(Entries taken from a collection)
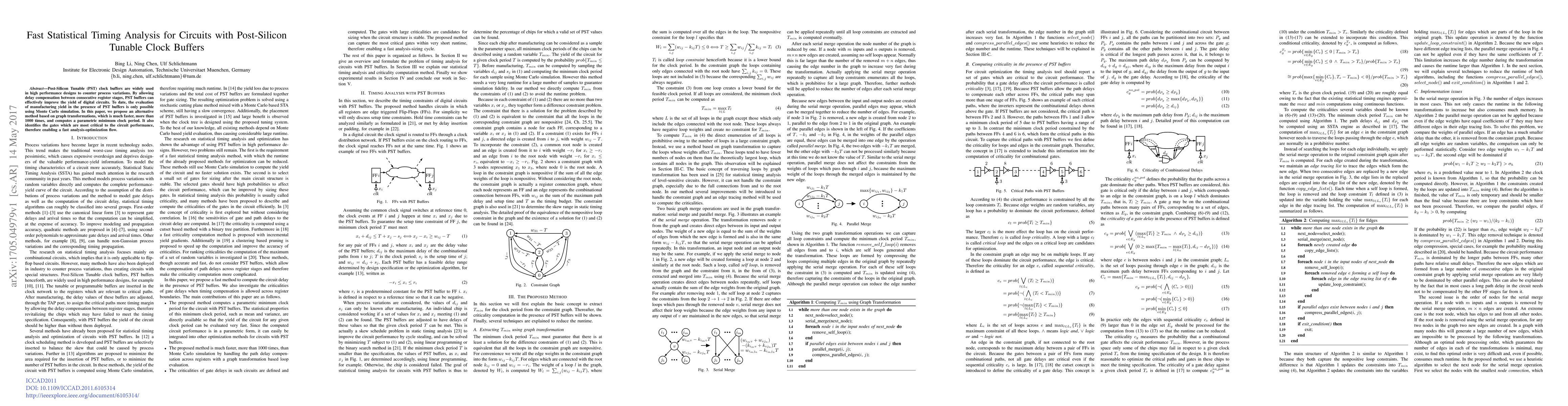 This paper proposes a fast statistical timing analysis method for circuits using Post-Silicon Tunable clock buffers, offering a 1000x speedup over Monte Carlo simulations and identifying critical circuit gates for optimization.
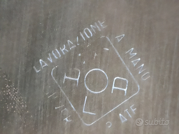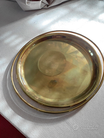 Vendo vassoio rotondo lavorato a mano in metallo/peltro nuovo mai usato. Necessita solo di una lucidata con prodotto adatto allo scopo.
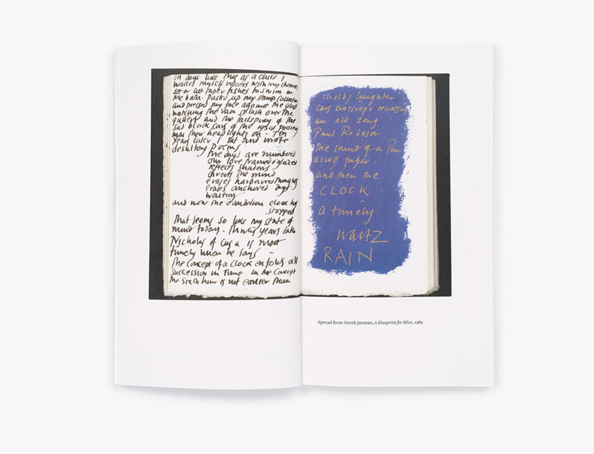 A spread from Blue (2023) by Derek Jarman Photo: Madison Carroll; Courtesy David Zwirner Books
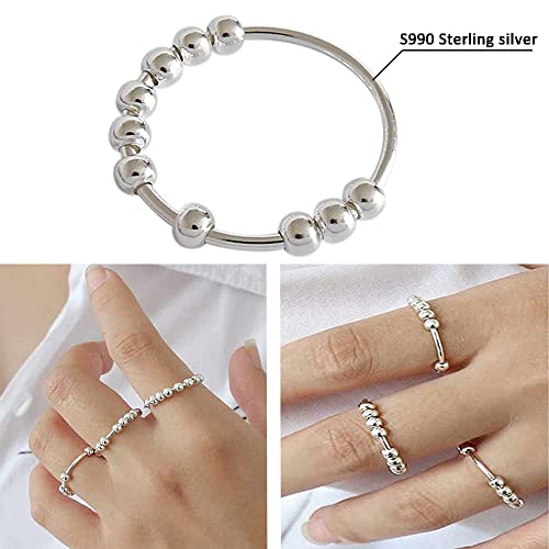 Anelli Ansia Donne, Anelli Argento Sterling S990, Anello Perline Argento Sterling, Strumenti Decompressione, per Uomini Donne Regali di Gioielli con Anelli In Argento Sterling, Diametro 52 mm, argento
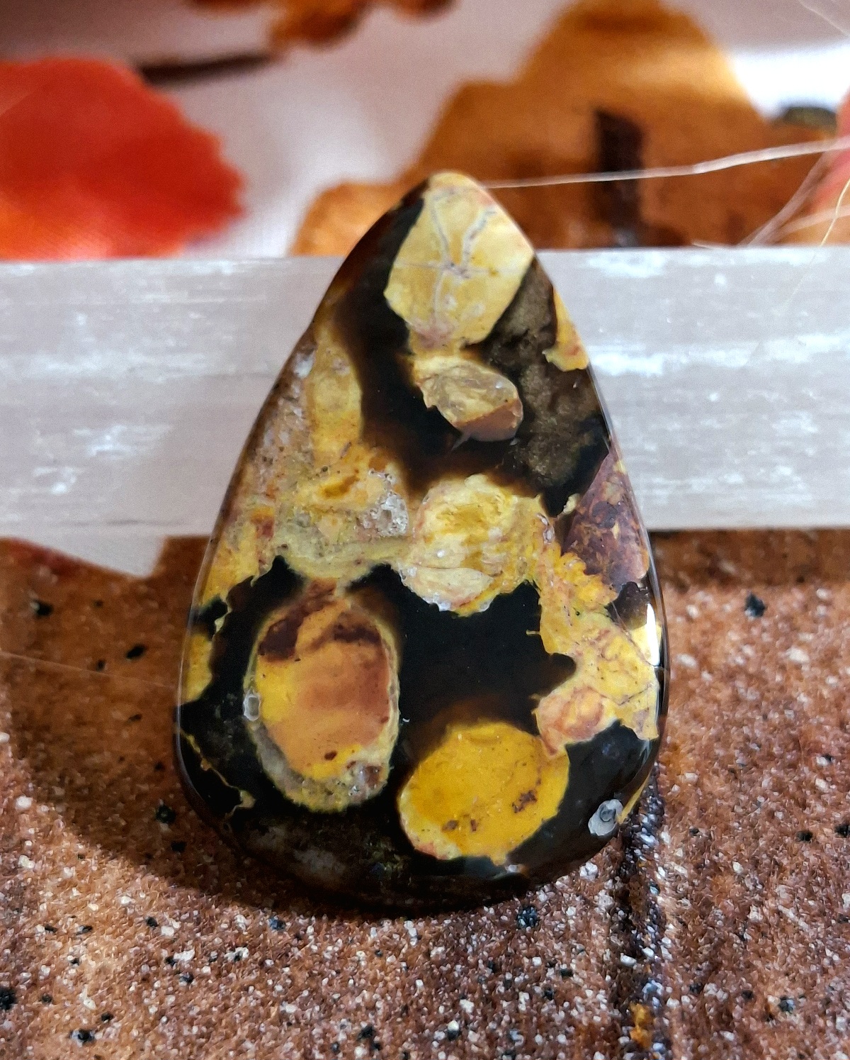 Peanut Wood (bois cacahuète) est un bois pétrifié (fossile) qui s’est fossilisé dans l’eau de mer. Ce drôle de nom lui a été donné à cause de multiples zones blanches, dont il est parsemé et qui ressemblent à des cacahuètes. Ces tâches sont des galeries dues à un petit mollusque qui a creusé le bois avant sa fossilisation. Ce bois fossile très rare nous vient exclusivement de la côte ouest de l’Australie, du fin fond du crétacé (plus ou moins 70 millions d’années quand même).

→ **About this exercise**: Using the entries above, transcribe exactly from the line that has "A spread from" through the line that has "Anelli Ansia Donne, Anelli". Pictures are dropped.

→ **Response**:
 A spread from Blue (2023) by Derek Jarman Photo: Madison Carroll; Courtesy David Zwirner Books
 Anelli Ansia Donne, Anelli Argento Sterling S990, Anello Perline Argento Sterling, Strumenti Decompressione, per Uomini Donne Regali di Gioielli con Anelli In Argento Sterling, Diametro 52 mm, argento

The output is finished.